Information
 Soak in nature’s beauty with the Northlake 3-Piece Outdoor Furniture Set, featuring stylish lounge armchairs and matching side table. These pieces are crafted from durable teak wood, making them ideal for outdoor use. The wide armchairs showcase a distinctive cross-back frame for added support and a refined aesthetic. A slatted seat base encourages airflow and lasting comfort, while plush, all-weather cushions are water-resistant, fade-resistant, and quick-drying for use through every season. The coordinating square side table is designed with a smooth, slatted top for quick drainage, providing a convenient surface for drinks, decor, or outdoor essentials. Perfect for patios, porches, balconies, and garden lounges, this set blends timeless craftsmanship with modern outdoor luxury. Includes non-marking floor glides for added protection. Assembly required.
--
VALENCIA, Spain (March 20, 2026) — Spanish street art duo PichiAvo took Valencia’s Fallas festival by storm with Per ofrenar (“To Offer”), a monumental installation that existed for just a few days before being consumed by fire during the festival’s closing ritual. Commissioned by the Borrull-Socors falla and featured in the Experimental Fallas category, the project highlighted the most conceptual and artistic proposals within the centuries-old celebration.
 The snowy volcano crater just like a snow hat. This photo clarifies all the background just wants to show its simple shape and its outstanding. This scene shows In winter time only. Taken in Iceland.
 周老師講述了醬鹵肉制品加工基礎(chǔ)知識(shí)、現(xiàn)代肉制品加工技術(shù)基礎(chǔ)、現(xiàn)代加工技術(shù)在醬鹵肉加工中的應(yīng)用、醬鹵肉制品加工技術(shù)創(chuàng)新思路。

Task to carry out
Whenever the word "just" shows up in a line of the entries, list that line.

Response to the exercise
VALENCIA, Spain (March 20, 2026) — Spanish street art duo PichiAvo took Valencia’s Fallas festival by storm with Per ofrenar (“To Offer”), a monumental installation that existed for just a few days before being consumed by fire during the festival’s closing ritual. Commissioned by the Borrull-Socors falla and featured in the Experimental Fallas category, the project highlighted the most conceptual and artistic proposals within the centuries-old celebration.
 The snowy volcano crater just like a snow hat. This photo clarifies all the background just wants to show its simple shape and its outstanding. This scene shows In winter time only. Taken in Iceland.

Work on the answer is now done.